No Monday Night Zazen tonight (my friend and Schwarzkommando guitarist Michael Goldman opened for me) as I got up early and drove to the airport, despite the late night antics of my Refrigerator Goblin, which had kept me up much of the night before. I caught the 8:45 flight to Alexandria, rented a car from National, and drove back to Colfax, Louisiana, where I had done some field work last spring.
The site had certainly grown up since then. In fact, it was damn near impassable. Honeysuckle and vines as high as my waist made covering even the shortest distances an exhausting task, which along with the Gulf Coast humidity, soon had me soaking with sweat. My task was to find no fewer that 17 surveyor stakes laid out for me the week before, so I had to cover nearly all of the 25-acre site at which I was working. By the time the rain started, I was already so soaked with sweat that the precipitation was refreshing.
Once I completed my mission and found all 17 stakes, I then had to repeat the task to show the staked locations to the field crew that arrived later and will be working at the site all week, and then again to the State environmental inspector, and finally to the bulldozer operator who was going to clear us a trail so that we could get drilling equipment to the 17 locations. After all that, I was soaking wet from head to toe, grass stained, mosquito bitten and sunburned (although nothing like last summer's disaster).

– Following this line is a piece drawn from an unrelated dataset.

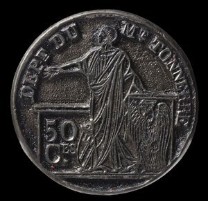 Ein Stempel des Départements du Mont-Tonnerre für Gebühren in Höhe von 50 Centimes. Das Stempelbild zeigt eine männliche Gestalt, die mit einer Toga nach Vorbild des Gewandes des freien römischen Bürgers bekleidet ist. Die rechte Hand ist auf einem Sockel mit einem Adler gestützt. Zu den Füßen der Figur lehnt ein Ruder, auf dem ein Dreizack abgebildet ist. Der Adler verweist als Wappentier Frankreichs unter Napoleon auf die Zugehörigkeit des Départements zu Frankreich. Das Ruder verweist wahrscheinlich auf den Rhein als schiffbaren Fluss. Der Rhein markierte die östliche Grenze des Départements. Im Zuge der französischen Revolutionskriege wurden die von den Franzosen annektierten Gebiete in Verwaltungseinheiten nach französischem Vorbild geschaffen. Auf dem linksrheinischen Gebiet des heutigen Bundeslandes Rheinland-Pfalz entstanden das Département du Mont-Tonnerre, das Département de la Sarre und das Département de Rhin-et-Moselle. Der Rückgriff auf antike Motive ist typisch für die Zeit um 1800 und die Stilrichtung des Klassizismus bzw. im Besonderen für den Empire-Stil unter Napoleon. Gerade bei offiziellen Bildwerken bzw. im öffentlichen Bereich genutzten Bildmotiven hatte die Antikenrezeption vor allem auch politischen Charakter. Sie implizierte den Anspruch einer Wiederbelebung des römischen Imperiums durch das Frankreich unter Napoleon. [Johanna Kätzel]

Not that I'm complaining. To be honest, a bad day in the field can be, in fact, quite a bit worse that a good day in the office, but this was not a bad day in the field. This was just a hot and steamy, sweaty and buggy, typical day in Swamp Thing country, and by the time I got back to my hotel room in Alexandria and out of my wet clothes, showered, and got a cold Abita Turbodog or two under my belt, I slept like a baby, finally away from the gremlin for a night.